Can I use a Data Lakehouse Edition cluster to read the data of Hudi tables that are stored in OSS?
Yes, you can use external tables to read the data of Hudi tables that are stored in OSS. For more information, see Use external tables to import data to Data Lakehouse Edition.
Can a Data Lakehouse Edition cluster automatically switch between XIHE MPP and XIHE BSP jobs?
When you submit a job, you must specify an interactive resource group or a job resource group to determine whether the job is a XIHE MPP or XIHE BSP job.
How do I choose between XIHE MPP and XIHE BSP to run a job in a Data Lakehouse Edition cluster?
By default, XIHE BSP asynchronously submits jobs. The only difference between synchronous submission and asynchronous submission is whether the client needs to wait for the query execution to complete.
The following limits are imposed on asynchronous submissions:
A result set can contain up to 10,000 rows of data.
The system can retain up to 1,000 result sets, including the download URL of CSV files, for up to 30 days.
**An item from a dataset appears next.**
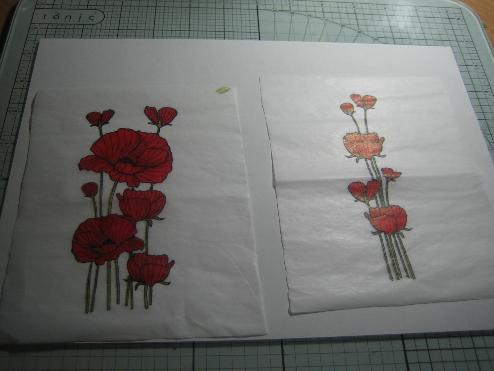 First of all I stamped a couple of Hero Arts 'Delicate Blossoms' images onto white tissue paper using a black Memento ink pad. Oh boy, finding white tissue paper in the shops was like looking for hen's teeth (sorry Sarn!) in the run-up to Christmas. Patterned and every colour under the sun galore but no plain white, although I did finally find some on my last pre-Christmas supermarket run. By then I felt too rough to do more than just dump the packet on my desk though :(

We recommend that you asynchronously submit BSP jobs for queries that consume large amounts of computing power, and require a long period of time to complete, but return a small number of result sets. Examples: INSERT INTO SELECT
, INSERT OVERWRITE SELECT
, and CREATE TABLE AS SELECT
.
How do I check the status of a XIHE BSP job in a Data Lakehouse Edition cluster?
If you submit a XIHE BSP job in a Data Lakehouse Edition cluster by using a job editor, you can choose Job Editor > SQL Development and click the Execution Records tab to view the status of the job.
If you submit a XIHE BSP job without using a job editor, you can execute the following statement to query the status of the job from the internal memory table:
SELECT status FROM information_schema.kepler_meta_elastic_job_list WHERE process_id='<job_id>';
You can execute the following statement to query status statistics about XIHE BSP jobs:
SELECT status,count(*) FROM information_schema.kepler_meta_elastic_job_list GROUP BY status;
How do I isolate resources to reduce mutual impact among SQL jobs?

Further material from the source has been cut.